このサイトの記事は、私が指示を出してAIが書いています。
始めるとき、記事の形を先に決めました。どの記事も同じ構成にすれば、書くのも読むのも楽になると考えたからです。
1本目を作った時点で、合わなくなりました。
制服を先に発注した
今回は制服のたとえで通します。
新しく人を雇うことになって、制服を用意します。まだ誰が来るか決まっていないので、標準的な体型を想定して、まとめて発注しておく。

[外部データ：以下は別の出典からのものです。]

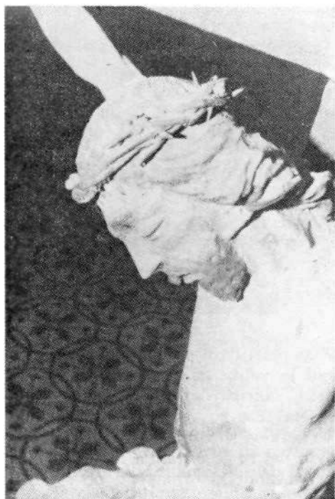
Križani v Marijini kapeli v Črnem Vrhu

Najlepše še ohranjeno in prav tako po tradiciji sporočeno Ortnerjevo mizarsko delo je zakristijska omara na Valterskem Vrhu. 28 Oblikovana je kot masivna kredenca. Spodnji zaprti del podpirata dva polstebriča, zgornji del z odprto polico in ornamentiranimi krili ob straneh pa se na vrhu razvije v cvetlične oblike in neregularno hrustančevje. Tako se v poznem 18. stoletju spet srečamo z izročilom zlatih oltarjev in opreme 17. stoletja. Omaro je že močno načel zob časa. Najbrž ni edini Brunov izdelek na loški strani.

来た人に着せてみると、袖が余る人と、丈が足りない人がいます。
発注そのものが間違っていたわけではありません。ただ、着る人を見る前に寸法を決めていた、というだけです。
私が3回やったのは、これです。
失敗の枠を、失敗していない記事に当てはめた
最初に決めたのは、記事の冒頭に置く表でした。
このサイトは、AIに実務をやらせた記録を書くところです。うまくいかなかった話が中心になります。そこで、冒頭に「何が起きたか」「原因」「結果」を並べた表を置くことにしました。読者が最初に要点をつかめる形です。
1本目の記事に当てはめてみました。
その記事は、失敗の話ではありませんでした。結果の欄に良い話が入り、原因の欄に悪い話が入る。読むと、何が言いたいのか分からない形になっていました。
失敗を前提にした枠を、失敗していない記事にも当てはめようとしたからです。
いまは、この表は失敗を扱う記事にだけ使っています。すべての記事には、内容に縛られない形の枠を置くことにしました。
制服を一種類だけ作って、全員に着せようとしたようなものです。
自分のやり方を、世の中の決まりとして書いた
2つ目は、記事の中身のほうです。
書いた記事に、事実と違う断定が入っていました。ドメインを変えると検索の評価がすべて失われる、という趣旨のものです。実際には、転送を適切に設定すれば引き継げます。
さらに洗い直すと、似た形の言い切りが3か所ありました。契約の話や手順の話で、私のやり方をそのまま一般の決まりとして書いていたのです。
私は毎回そうしている。それは事実です。ただ、誰もがそうなるとは限りません。
厄介なのは、この形の誤りが点検を通ってしまうことでした。文字数も見た目も問題なく、日本語としても自然です。書かれている内容が事実かどうかを確かめる工程が、当時はありませんでした。
いまは、公開する前に言い切りの表現を一覧にして、1件ずつ判定しています。公式の情報で確かめられるか、自分の環境で起きたことか、広く知られている事実か、そのどれでもないか。
最後のものが1つでもあれば、公開しません。
数えずに書いた件数を出した
3つ目は、記事ではなく報告のほうです。
作業を統括する側へ出す書類に、手元の書類が何件あるかを書きました。34件と書いています。
実際は32件でした。数えずに、記憶で書いたのです。
指摘されて訂正しました。2件の差なので、大きく違ったわけではありません。ただ、その数字は判断の材料に使われるものでした。
制服の話に戻せば、実際に採寸せず、だいたいこれくらいだろうと見当をつけて発注したのと同じです。近い値ではあります。近いだけです。
いまは、報告に書く数字をすべて実測してから書かせています。実測できないものは、実測していないと明記する。
3つとも、先に決めて後から合わせようとした
共通しているのは、順番でした。
枠を先に決めて、記事を当てはめた。自分のやり方を先に一般化して、それを書いた。数字を先に書いて、確かめなかった。
どれも、決めるのが先で、確かめるのが後です。
いま、この順番を逆にしています。1本作ってから枠を決める。自分の環境で起きたことだけを書いて、一般化しない。数えてから書く。
制服なら、1人に試着してもらってから残りを発注する。それだけの話です。
それでも先に決めたくなる
とはいえ、先に決めたくなる気持ちも分かります。
枠が決まっていれば、記事を書くのが速くなります。一般化して書けば、文章が短く済みます。数字を記憶で書けば、数える手間が省けます。
どれも、決めた時点では正しい判断に見えます。実際、多くの場合はうまくいくのだと思います。
私の場合は、3回とも合いませんでした。速く進めようとして、直す作業が増えています。
いまも、新しい形を思いつくと先に決めたくなります。そのたびに、1本試してからにしています。